American singer-songwriter

Maria D'Luz (born Dulce María González Aldaz; August 5, 1986) is a Mexican-American singer and songwriter.

==Career==
She was raised in Brownsville, Texas, where she began playing piano before her fourth birthday. She performed with her sisters in a children's educational, bilingual, and musical TV show, "Cantos y Cuentos Con Ani", which ranked number one in its Saturday morning time slot.

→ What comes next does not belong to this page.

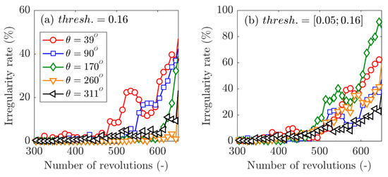 Thus, axial locations in the first half of the channel are more suitable than locations upstream of the leading-edge. Even for the non-axisymmetric tip gap, there will be an axial location where the surveillance parameter will display a degradation. To overcome the non-even distribution of correlation degradation, it is however necessary to adapt the threshold value depending on the sensor angular position. This can be realized thanks to the automatic optimization procedure presented earlier, and an example is presented in Figure 14. In Figure 14a, the same threshold is applied whatever the sensor location, and as expected, the irregularity rate starts increasing at different moments, ranging from t = tstall—200 revolutions to t = tstall—0 revolutions. In Figure 14b, however, the threshold is changed from one sensor to the other, which leads to almost simultaneous degradation of the irregularity rate. It can also be noted that the slope of the irregularity rate is different depending on the angular position. Indeed, the procedure proposed here only allows one to consider the perturbed profile sooner by analyzing the “normal” level of perturbation under stable operating conditions, and therefore only impacts the irregularity rate degradation at the beginning. However, the quantity of irregularity creations during the throttling remains circumscribed to the local flow and tip gap, thus explaining the difference in slope.

Later, she continued classical piano studies that evolved into jazz, vocal performance, and flamenco dancing. At age 9 she participated in "Juguemos A Cantar" (a National Singing Contest in Mexico by Televisa) in the program "Siempre En Domingo" with Raul Velasco, representing the states of Tamaulipas and San Luis Potosí in Mexico. At age 14, she performed with her band "Dulce y Sol Latino" at The Millennium Stage at John F. Kennedy Center for the Performing Arts in Washington, D.C., for being the winner of "Hollywood 2000" Texas Talent Showcase BSPA in Brownsville, TX., chosen by judges: Sam Riddle "Star Search", Helen Hernandez "The Imagen Foundation" and Yvonne Vega from Paramount Pictures.

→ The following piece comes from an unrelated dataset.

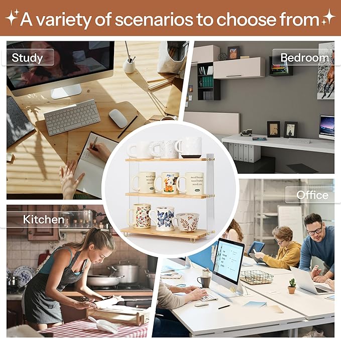 - 3-Tier Space-Saving Solution Wooden Cup Holder: 16.1*6.5*14.8 inch. The Wooden Coffee Cup Holder is designed to efficiently organize coffee cups. Optimize countertops with open shelves designed to hold mugs, coffee bar accessories, plants, or decor. Lightweight yet sturdy, it organizes clutter while displaying items with easy-access visibility.Whether it's your kitchen, office, or cafe, it will help you maintain a neat and tidy environment., with each tier spaced to ensure stability and ease of access.

At the age of 15, D'Luz wrote her first song titled "What Is Wrong With The World" which later became part of her first album, "Just Notes", an 11 track CD, all written and composed by D'Luz herself, and was released on August 4, 2007. As a songwriter, she has written "Falsa Felicidad", recorded by Jimmy Gonzalez y el Grupo Mazz, in the album: La Leyenda Continua, Billboard Charts - Latin Album #37, receiving a Latin Grammy for Best Tejano Album in 2008. Shortly after, she releases the Hillary Clinton campaign song "We Need A Woman" and accepts an interview by Soledad O'Brien from CNN.

In 2008, Objetivo Fama Univision Online announced D'Luz the winner of a 2009 Pontiac Vibe for obtaining the highest number of online votes for her arrangement and video version of "Hasta Que Me Olvides".

The John Lennon Songwriting Contest, a prestigious international competition for songwriters, awarded D'Luz in the Latin category as a finalist for bossa-nova ballad "Lo Solucionare" and an Honorable Mention for Latin-pop tune "No Te Vi" in 2006., 1st finalist with "Podria Ser Un Angel" in 2012 and later that year, a finalist for pop tune, "Es".

D'Luz joined the Hermes Music Foundation early 2010, and was invited to join the "Proyecto De Amor - Claro Que Se Puede" CD to benefit Hermes Music Foundation. D'Luz performed in this CD with artists Carlos Santana, Willie Nelson, Los Lonely Boys, El Tri, Elefante, Del Castillo, Alberto Cortez, Deepak Chopra, Reyli, Jorge Guevara, Ramon Ayala, and many more. D'Luz's vocals can be heard on songs "La Vida Es Un Sueño" and "Amalos," two of 15-tracks on the album. All songs were written by Hermes Music Foundation president Alberto Kreimerman.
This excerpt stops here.